Monday, June 20, 2016
Lavender Mint Lemonade
Since today is the first official day of summer, and it is beautiful here in the Midwest (beautiful as in, we don’t have a heat index over 100!), I thought I would share one of my family’s favorite summer beverages.
I am not a big fan of lemonade, but I will drink gallons of this throughout the summer. In fact, it is so popular in my house, I have to dry extra lavender and mint, just to ensure I have enough to last the whole summer!!
Originally, pioneers used either lemon or ginger to make this refreshing drink. Pioneers were out doing all their farming by hand & horse, and there was no such thing as air-conditioning, so they needed something to drink as a pick me up throughout the long day of field work.
Plain water does not always go down well when you are very hot, so the addition of lemons or ginger, made it easier to drink what you needed to, to stay hydrated. Most farm wives knew that ginger was great for your stomach and circulation, and of course a little sugar would provide the extra energy you needed to keep working. Since lemons were a ‘specialty’ in most places, I imagine it was a real treat when you got lemonade instead of gingerade!
During the summer I always start with fresh herbs right out of my garden. Mint is best grown in either a pot, or a space you don’t care it takes over in.
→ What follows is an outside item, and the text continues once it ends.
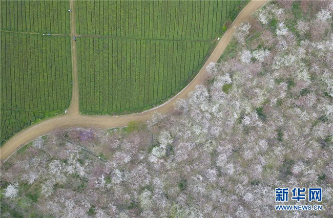 這是3月27日拍攝的貴州省貴安新區(qū)櫻花觀光園的櫻花和旁邊的茶園(無人機拍攝)。新華社記者 陳曄華 攝

It will quickly fill your entire garden if you don’t stay on top of it! I usually freeze some of my mint and lavender as well, so that I can continue making this even after everything is done blooming towards the end of the season.
I don’t have an exact recipe since my family loves this lemonade anyway I make it. Your family may not enjoy the same quantity of lavender and mint, so I suggest trying it with the amounts I have listed here, and then adjusting each time you make it until you find the winning combination.
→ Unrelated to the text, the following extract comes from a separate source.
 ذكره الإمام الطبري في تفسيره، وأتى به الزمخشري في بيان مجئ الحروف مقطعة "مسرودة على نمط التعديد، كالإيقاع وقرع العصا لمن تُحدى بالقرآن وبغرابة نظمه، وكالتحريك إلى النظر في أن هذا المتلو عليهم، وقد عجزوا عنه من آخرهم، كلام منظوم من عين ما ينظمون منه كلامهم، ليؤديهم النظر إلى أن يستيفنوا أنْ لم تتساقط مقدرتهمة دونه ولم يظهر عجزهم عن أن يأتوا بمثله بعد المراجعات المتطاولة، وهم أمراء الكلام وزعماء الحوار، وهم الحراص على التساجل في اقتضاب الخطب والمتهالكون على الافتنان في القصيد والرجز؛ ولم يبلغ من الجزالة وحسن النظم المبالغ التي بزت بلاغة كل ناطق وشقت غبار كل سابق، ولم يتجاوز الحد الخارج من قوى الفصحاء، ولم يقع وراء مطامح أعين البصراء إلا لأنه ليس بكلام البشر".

Using a gallon beverage container (I like clear so I can see everything), fill it about ¼ of the way full with almost hot water. The warmth of the water will cause all the ingredients to release their oils a bit faster, which results in a fresher taste.
Add 2 lemons, sliced. Now add a handful of fresh mint leaves, and about 5 lavender stems. You can use just the flowering heads if you like. Mix gently with a wooden spoon. Now add ¾ of a cup of sugar. I use white sugar for this so that it doesn’t affect the color. You could use honey, which would give a more golden color. Stir again, and fill the container with water. Cover, or replace the lid, and refrigerate for at least 2 hours prior to drinking for best flavor.
Stir and taste before serving so you can add additional sugar if needed.
The longer it sits and steeps in the refrigerator, the stronger the flavor. If I plan on serving it sooner, I will squeeze the juice of an additional lemon in, and crush the lavender and mint a bit. I have also made this lemonade following more of a sun-tea method. Place all ingredients, plus water in container, and then let sit direct sun for about two hours. Refrigerate before drinking.
My family loves it with LOTS of mint and lavender, so I usually use double the amounts I have listed above. I also serve it over Lavender Mint ice cubes, which are not only pretty, but help keep the flavor. Just place one medium-large mint leaf in each cube, add a lavender blossom, fill with water and freeze.
For a more grown-up version of this lemonade, you can add a shot of Limoncello to your glass. This is super tasty at the end of your summer cookouts! Defintiely use the herb ice cubes for this, as Limoncello should be served chilled and you don't want to water down the flavors too much.